- RECORDS SUPPLIED
────────
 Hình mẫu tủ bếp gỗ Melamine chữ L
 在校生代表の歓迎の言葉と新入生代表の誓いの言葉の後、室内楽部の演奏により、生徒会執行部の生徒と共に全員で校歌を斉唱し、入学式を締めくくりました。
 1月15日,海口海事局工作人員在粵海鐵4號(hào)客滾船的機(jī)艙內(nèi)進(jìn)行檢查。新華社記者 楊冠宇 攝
────────
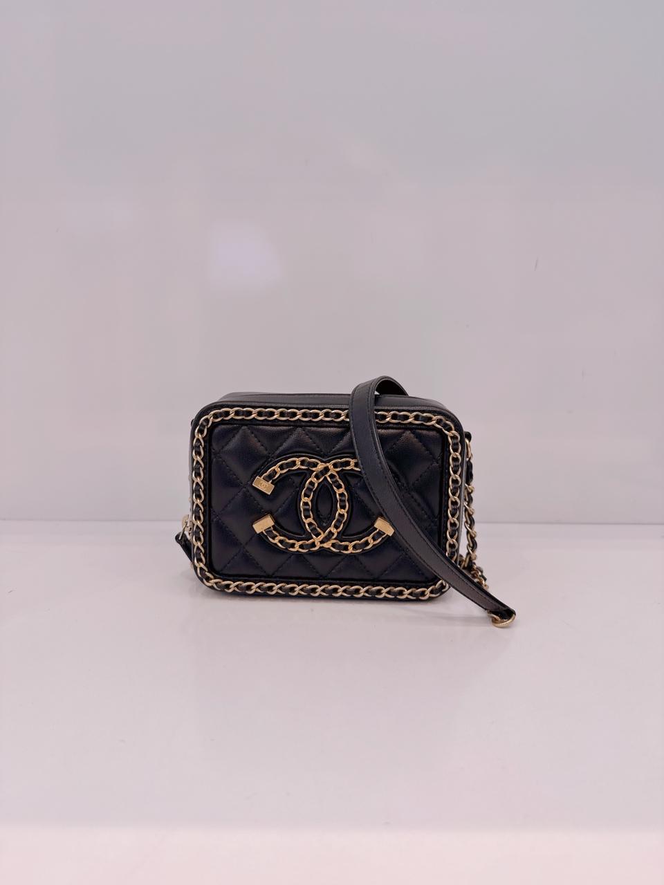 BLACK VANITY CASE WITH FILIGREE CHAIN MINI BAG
────────
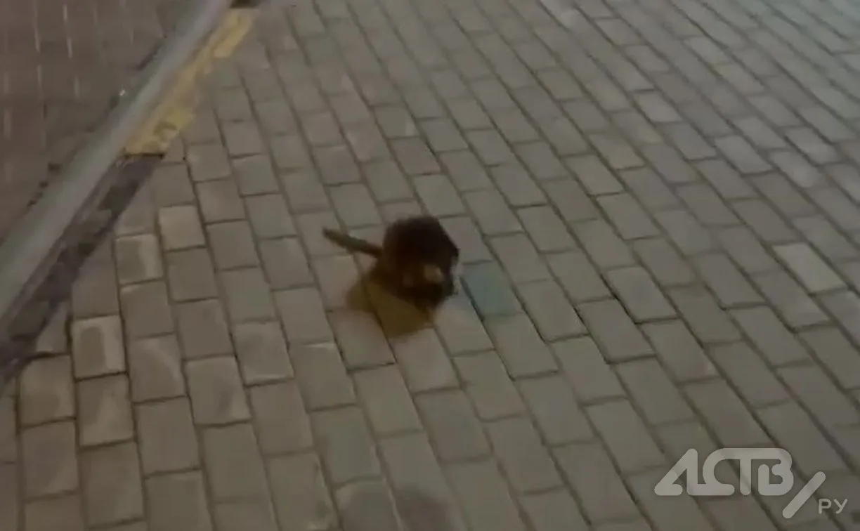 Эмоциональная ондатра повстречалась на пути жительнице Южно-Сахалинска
────────
- WHAT THIS TASK INVOLVES
Above are some records; copy exactly the lines from the one with "Hình mẫu tủ bếp gỗ Melamine chữ L" through the one with "1月15日,海口海事局工作人員在粵海鐵4號(hào)客滾船的機(jī)艙內(nèi)進(jìn)行檢查。新華社記者 楊冠宇 攝", both included, and no others.

- ANSWER FOR THE TASK
 Hình mẫu tủ bếp gỗ Melamine chữ L
 在校生代表の歓迎の言葉と新入生代表の誓いの言葉の後、室内楽部の演奏により、生徒会執行部の生徒と共に全員で校歌を斉唱し、入学式を締めくくりました。
 1月15日,海口海事局工作人員在粵海鐵4號(hào)客滾船的機(jī)艙內(nèi)進(jìn)行檢查。新華社記者 楊冠宇 攝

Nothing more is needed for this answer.